■ DATA:
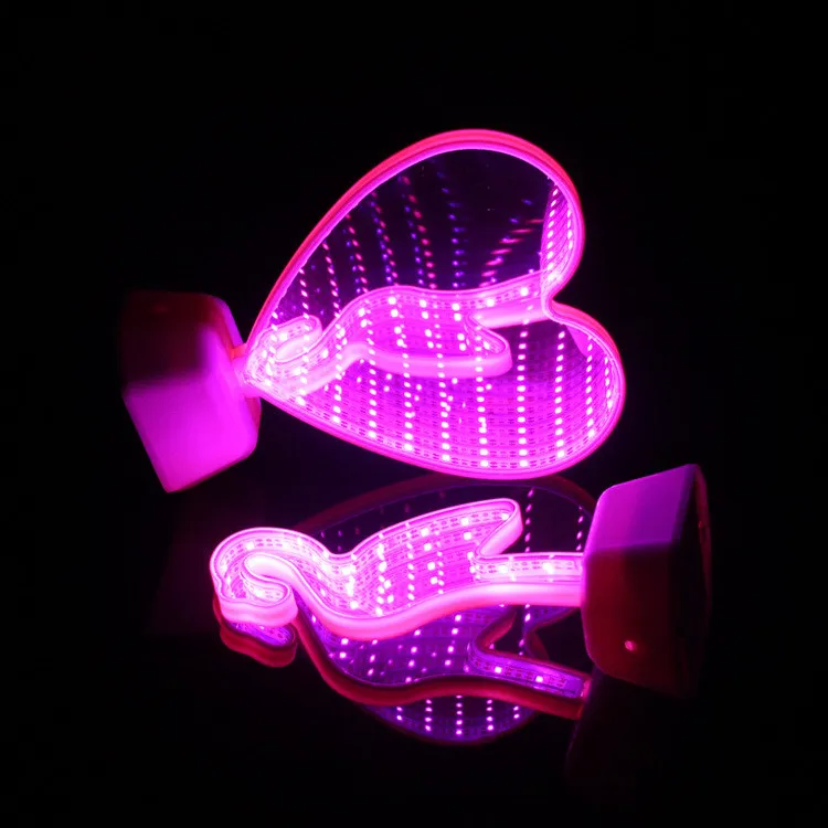 The mirror illusion and dual-sided LED lighting create a 3D infinity tunnel that seems to go on forever, symbolizing endless love and connection.
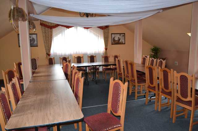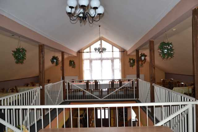 Budynek restauracyjny to: duża dwukondygnacyjna sala na 100os., mniejsze zamykane salki na przyjęcia rodzinne dla ok. 10-20os., klimatyzowane pomieszczenie konferencyjne na ok. 70os., w pełni wyposażona, profesjonalna kuchnia z zapleczem.
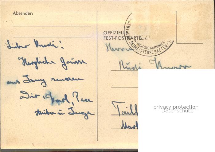 32158978 alte Postkarte Isny Allgaeu Deutsche Skimeisterschaften postalisch gelaufen Erhaltung siehe scans KatCode: 11110008436049
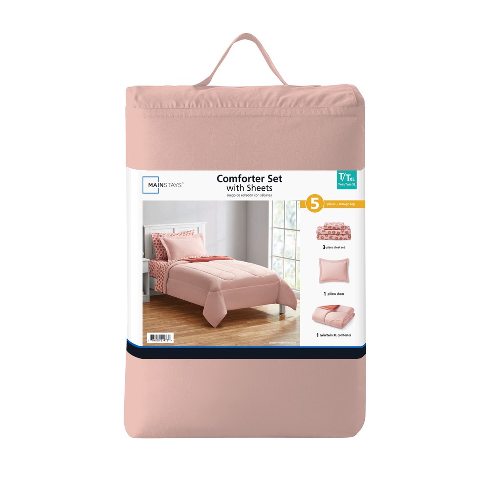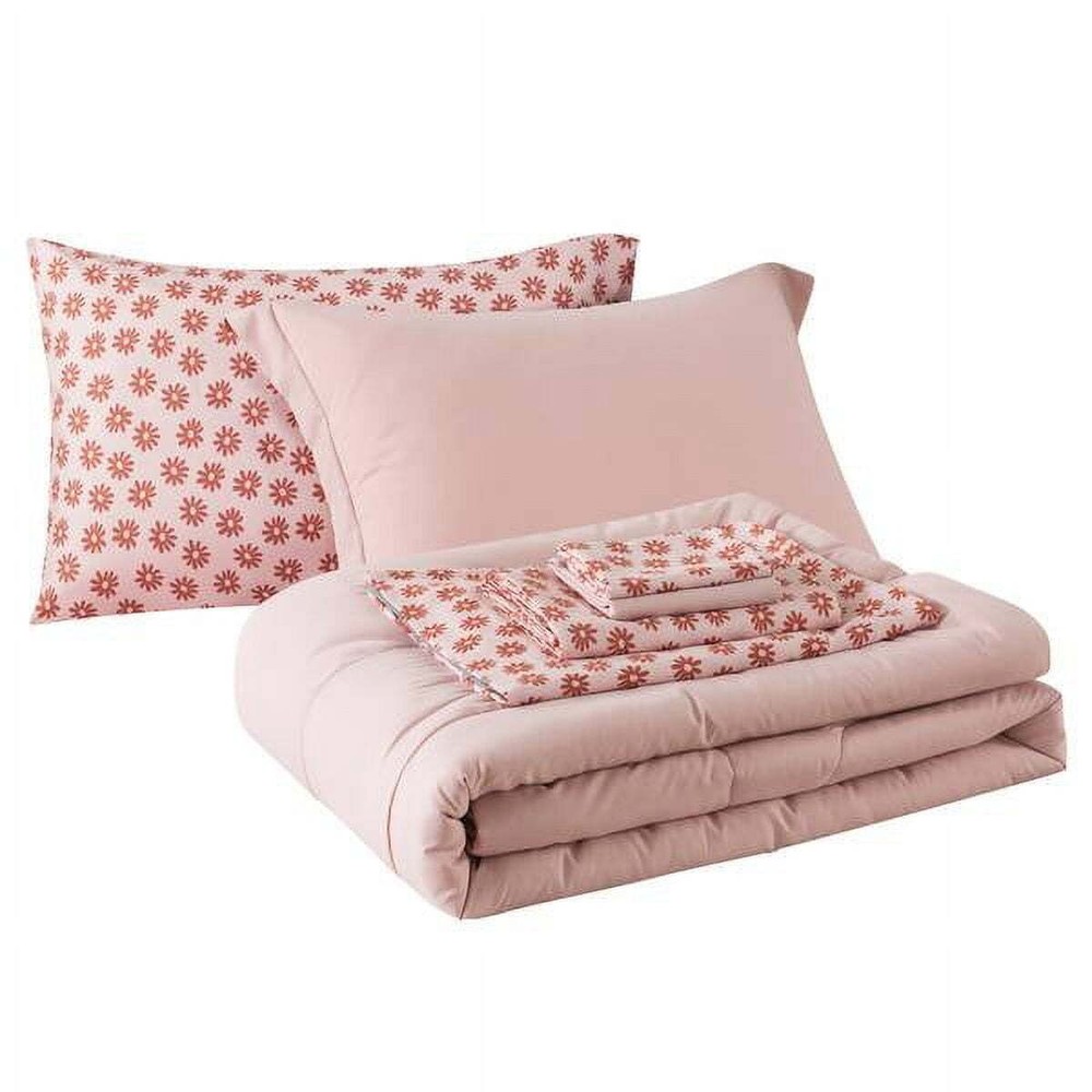 Brighten up your room with the soft pink reversible Bed-in-a-Bag Comforter Set which has everything you need to make your bed cozy and colorful from top to bottom. The adult, unisex reversible comforter allows you to change your look anytime you want, featuring a solid soft pink on one side, and a coordinating red canyon color on the other side. This complete set includes a comforter, matching pillow shams (twin set includes 1 sham) and a coordinating printed daisy sheet set. The bedding set comes with a cloth storage bag for effortless storage when not in use. Sewn-through channel quilting keeps the lofty comforter fill evenly distributed, ensuring the perfect fluff to keep you warm during any season. All pieces in this Bed-in-a-Bag Comforter set are made from an incredibly soft polyester, and are machine washable, making them easy to care for. Mainstays Pink Reversible Bed in a Bag Comforter Set with Sheets, Twin/Twin XL, 5pieces with Storage Bag Solid soft pink on one side and reversible to a coordinating red canyon color on the other side. Set includes a comforter, matching pillow shams (twin set includes 1 sham) and a coordinating sheet set Made from brushed microfiber polyester, lightweight yet durable, for a superior hand feel.

■ PROBLEM STATEMENT:
Every line of the data should be copied as it stands, without the images.

■ ANSWER TO THIS EXERCISE:
 The mirror illusion and dual-sided LED lighting create a 3D infinity tunnel that seems to go on forever, symbolizing endless love and connection.
 Budynek restauracyjny to: duża dwukondygnacyjna sala na 100os., mniejsze zamykane salki na przyjęcia rodzinne dla ok. 10-20os., klimatyzowane pomieszczenie konferencyjne na ok. 70os., w pełni wyposażona, profesjonalna kuchnia z zapleczem.
 32158978 alte Postkarte Isny Allgaeu Deutsche Skimeisterschaften postalisch gelaufen Erhaltung siehe scans KatCode: 11110008436049
 Brighten up your room with the soft pink reversible Bed-in-a-Bag Comforter Set which has everything you need to make your bed cozy and colorful from top to bottom. The adult, unisex reversible comforter allows you to change your look anytime you want, featuring a solid soft pink on one side, and a coordinating red canyon color on the other side. This complete set includes a comforter, matching pillow shams (twin set includes 1 sham) and a coordinating printed daisy sheet set. The bedding set comes with a cloth storage bag for effortless storage when not in use. Sewn-through channel quilting keeps the lofty comforter fill evenly distributed, ensuring the perfect fluff to keep you warm during any season. All pieces in this Bed-in-a-Bag Comforter set are made from an incredibly soft polyester, and are machine washable, making them easy to care for. Mainstays Pink Reversible Bed in a Bag Comforter Set with Sheets, Twin/Twin XL, 5pieces with Storage Bag Solid soft pink on one side and reversible to a coordinating red canyon color on the other side. Set includes a comforter, matching pillow shams (twin set includes 1 sham) and a coordinating sheet set Made from brushed microfiber polyester, lightweight yet durable, for a superior hand feel.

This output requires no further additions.